Department of Justice is now the Department of Communities and Justice. Find out more >
Publication date: Monday, 20 November 2017
Hundreds of Western Sydney residents and descendants of reformed convict Mary Wade were given the rare opportunity to peer beyond prison walls and tour the correctional centre named in her honour before the first group of female inmates move in.
The newly upgraded Mary Wade Correctional Centre at Lidcombe in Sydney’s west unlocked its gates for a community open day on Saturday, 18 November, and offered locals and descendants a chance to meet with staff and see inside the centre.

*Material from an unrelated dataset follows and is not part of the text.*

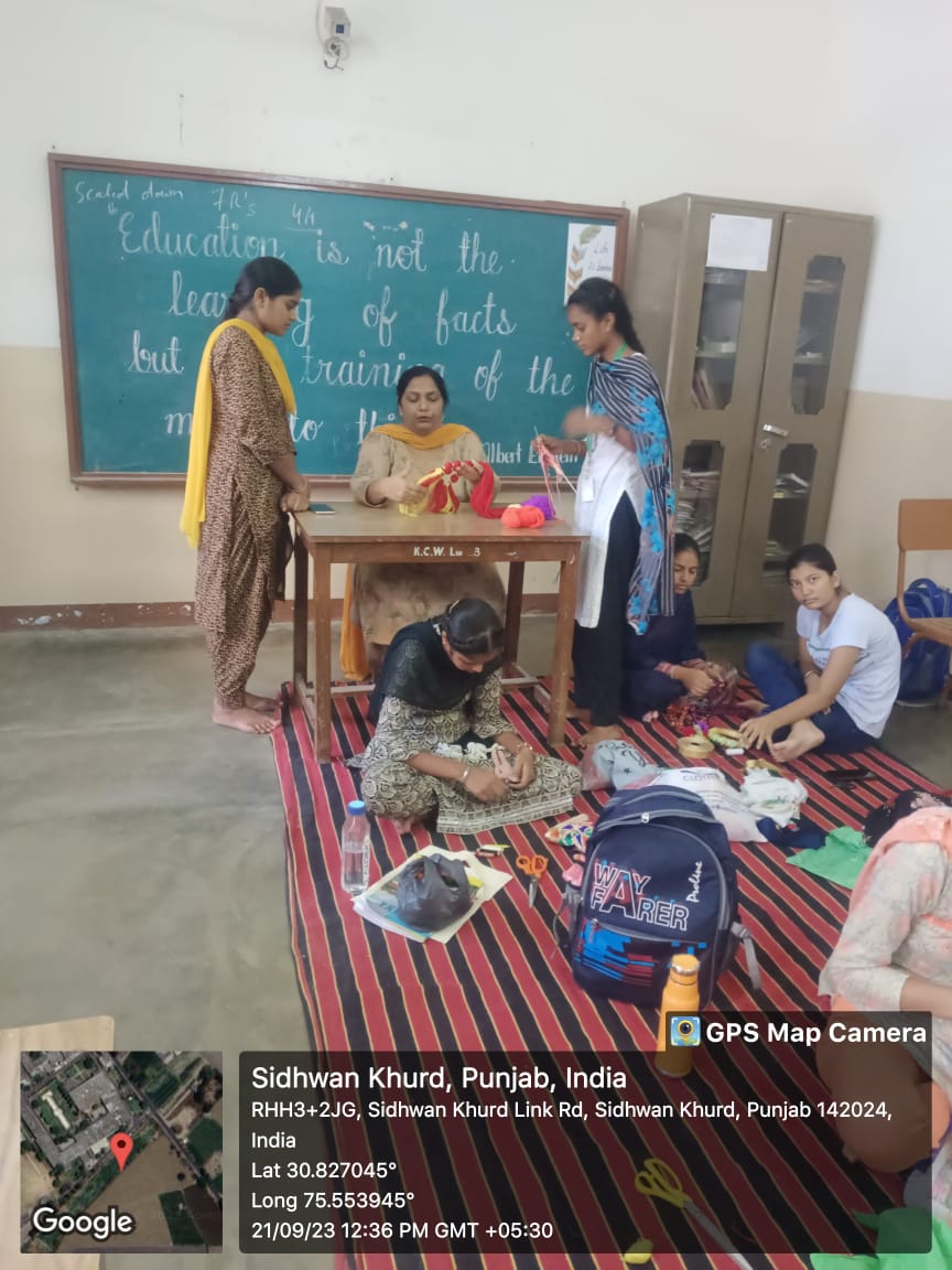 Fine Arts Society of Khalsa College for Women, Sidhwan Khurd organized 15 Days Workshop on Heritage Craft Items from September 7 to 21, 2023 for students. The Resource Person was Mrs. Harjeet Kaur, Instructor, Art and Craft from GHG Harparkash College of Education, Sidhwan Khurd and taught the students to make Guddian Patole, Chhikku, Pranda, Naala, Tokri, Mitti De Khidaune, Khiddo, Peehri, Rassa, Eeennu and traditional embroidery designs. 46 students were given demonstration to make various items. Hands on training was provided and the participants enthusiastically created beautiful articles and patterns. Dr. Amandeep Kaur, Principal (Addl. Charge) of the college congratulated the students on the successful completion of the workshop. She said that such endeavours can preserve our rich and varied cultural craft forms that have been handed down through generations but are fast becoming extinct. The youth can contribute to conserve valuable traditional skills and adopt these as a vocation. She praised the Fine Arts Society for its efforts.

Governor Paula Quarrie said the event was the perfect opportunity for nearby residents to learn more about the important work of correctional centres.
“This 94-bed maximum security remand centre will play a vital role in rehabilitating female offenders and maintaining community safety,” Governor Quarrie said.
“Our job is to provide these women with the education, skills and therapeutic support needed to find employment and make a positive contribution to the community upon their release.
“This open day was a chance for locals to say hello to staff, ask us questions and gain a better understanding of the important work staff will be doing with the inmates when they arrive.”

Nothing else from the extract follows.